Cedi fall: Don’t stand aloof; announce confidence-building measures ahead of IMF programme – Kwakye
The Government of Ghana must immediately announce austerity and confidence-building measures ahead of the International Monetary Fund (IMF) programme, Director of Research at the Institute of Economic Affairs (IEA) Dr John Kwakye has said.
He stated that the austerity and confidence-building measures will boost the strength of the Cedi as negotiations with the Fund go on.
“Our leaders should understand the power of the markets to drive the exchange rate. The President and the economic management team shouldn’t stand aloof while the cedi continues to slide irretrievably.
“They must immediately announce austerity, confidence-building measures ahead of the IMF programme,” he tweeted.
The government is seeking support from the IMF to help it deal with the situation.
An IMF team, led by Stéphane Roudet, met during October 11-19 in Washington, DC with Finance Minister Ofori-Atta, Bank of Ghana Governor Addison and their teams, to continue discussions on a possible IMF-supported program.
At the conclusion of the meetings, Mr Roudet issued the following statement: “The Ghanaian delegation and IMF staff had very fruitful discussions on the authorities’ post-COVID program for economic growth and associated policies and reforms that could be supported by a new IMF arrangement.
“We made good progress in identifying specific policies that would restore macroeconomic stability and lay the foundation for stronger and more inclusive growth. The IMF team and the Ghanaian authorities remain fully committed to reaching an agreement on a framework and policies for an IMF-supported program as soon as feasible. Discussions will continue in the weeks ahead, with a follow-up mission to take place expeditiously.”
The Finance Minister Ken Ofori-Atta was hopeful that the IMF will approve the programme by end of the year.
He told TV3’s Paa Kwesi Asare in an earlier interview on the sidelines of the annual meetings of the IMF and the World Bank in Washington DC that the Fund is motivated to close the deal by end of the year.
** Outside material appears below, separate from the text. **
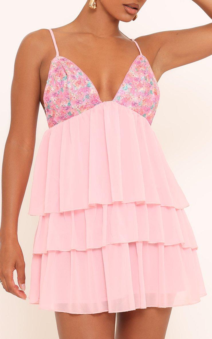 strappy plunge neck sequin bust layered frill mini dress in pink

“…To get us close to a staff level agreement as possible so that we can incorporate all of our decisions also into the budget so there will be no reversal and therefore, by year ending, hopefully, the board will approve.
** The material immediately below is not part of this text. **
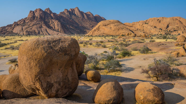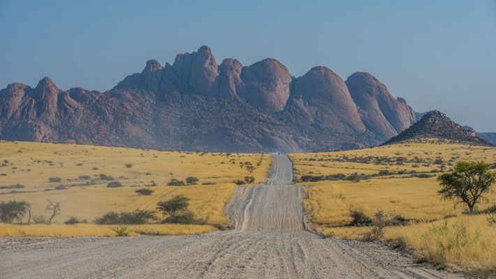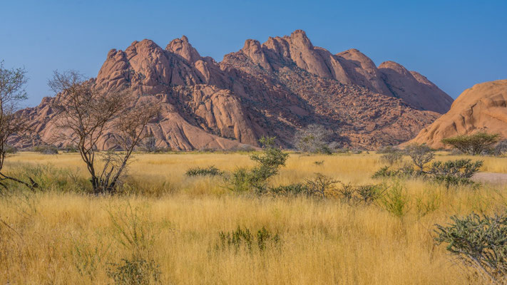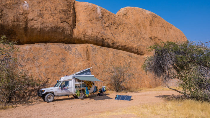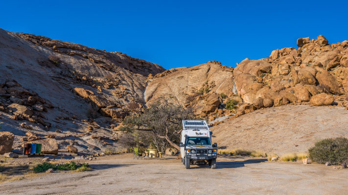 Unser Tagesziel war die Spitzkoppe. Wir erreichten das markante Bergmassiv kurz nach Mittag. Noch waren kaum Campsites besetzt, sodass wir auswählen konnten,

Do you see that happening? he asked.
In response, he said “We have to make it happen, the Fund is very motivated, we are 24/7, we will stay a few more days after this annual meeting and ensure we make solid progress going forward.
“I am excited about where we are, which therefore means that if we complete it by end of the year, disbursements from the fund which replace what we would have done going to the international market. Clearly, in my mind, there is no need for speculation as to where the currency should be.”
Earlier, Mr Ofori-Atta assured at a press briefing on Wednesday, September 28 the fast-track negotiations with the IMF to ensure key aspects of the programme are reflected in the 2023 budget statement.
“In line with the President’s dialogue with the IMF Managing Director, Kristalina Georgieva, negotiations will be fast-tracked to ensure that key aspects of the programme are reflected in the 2023 Annual Budget Statement in November 2022,” he said.